◆ **TASK GOAL**: Leave out every picture, then transcribe the rest of the listing exactly.

◆ **SUPPLIED DATA**:
======

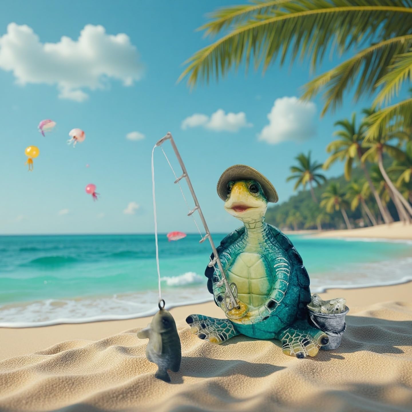 • MULTIPURPOSE DECORATION: Sea Turtle Fishing Statue is perfect for sea turtle enthusiasts collection and your home, interior, garden, desk, bedroom and shelves decorations, adding a unique oceanic touch to your living space.
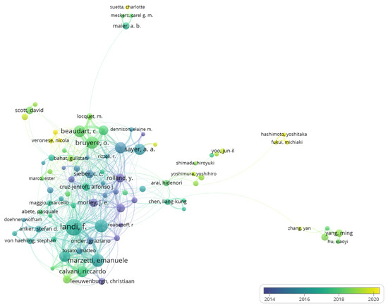 A total of 17,587 authors were identified. Table S4 lists the most influential authors with high publications and citations. Productive authors are from organizations with high publications, 4 of the top 10 most published authors are from the Catholic University of the Sacred Heart. We identified 98 authors who published at least 10 papers. After removing 13 nodes that were not linked to others, the coauthorship analysis is shown in Figure 4. Landi F had the most documents, citations, and the highest TLS. Authors with earlier AAY started earlier in sarcopenia research and are labeled with purple colors, and authors labeled by yellow color may be the emerging influential investigators.
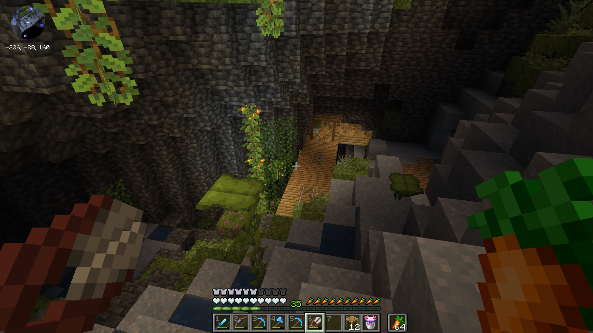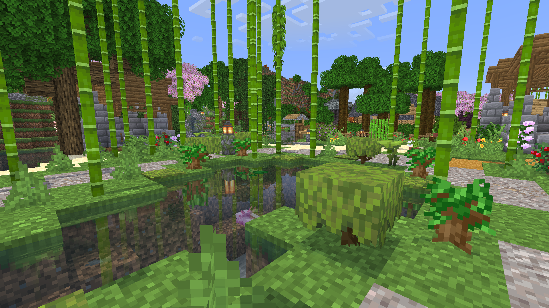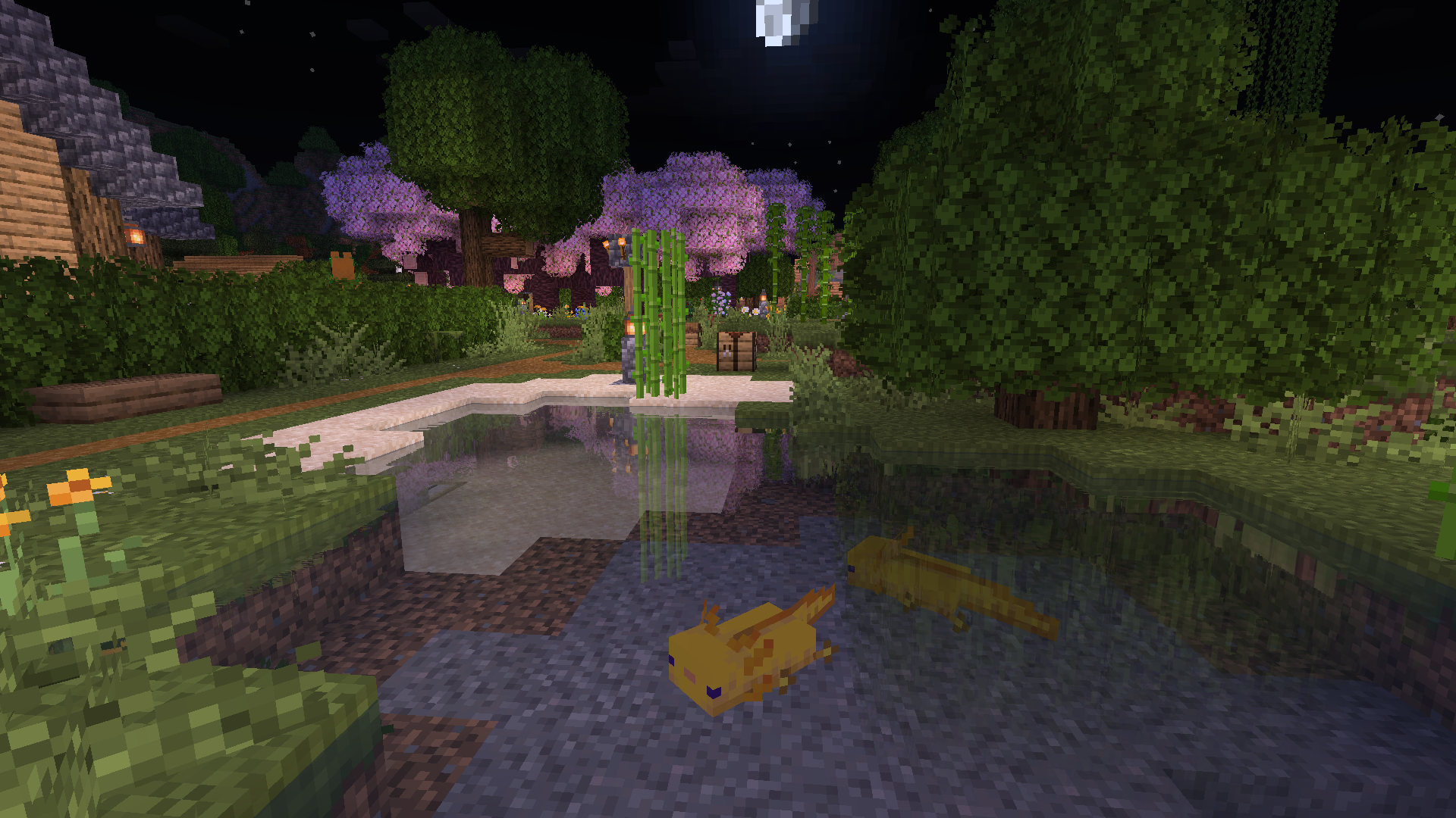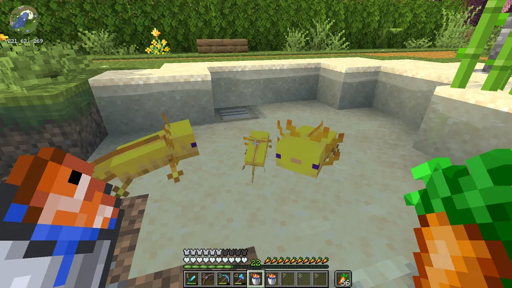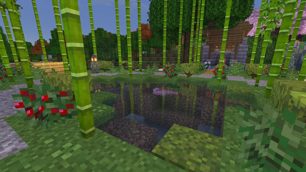More axolotls were relocated from the underground lush cave to a small pond at Turtle Grove, where they are sustained by tropical fish obtained from wandering merchants.

======

◆ **WRITTEN RESPONSE**:
 • MULTIPURPOSE DECORATION: Sea Turtle Fishing Statue is perfect for sea turtle enthusiasts collection and your home, interior, garden, desk, bedroom and shelves decorations, adding a unique oceanic touch to your living space.
 A total of 17,587 authors were identified. Table S4 lists the most influential authors with high publications and citations. Productive authors are from organizations with high publications, 4 of the top 10 most published authors are from the Catholic University of the Sacred Heart. We identified 98 authors who published at least 10 papers. After removing 13 nodes that were not linked to others, the coauthorship analysis is shown in Figure 4. Landi F had the most documents, citations, and the highest TLS. Authors with earlier AAY started earlier in sarcopenia research and are labeled with purple colors, and authors labeled by yellow color may be the emerging influential investigators.
More axolotls were relocated from the underground lush cave to a small pond at Turtle Grove, where they are sustained by tropical fish obtained from wandering merchants.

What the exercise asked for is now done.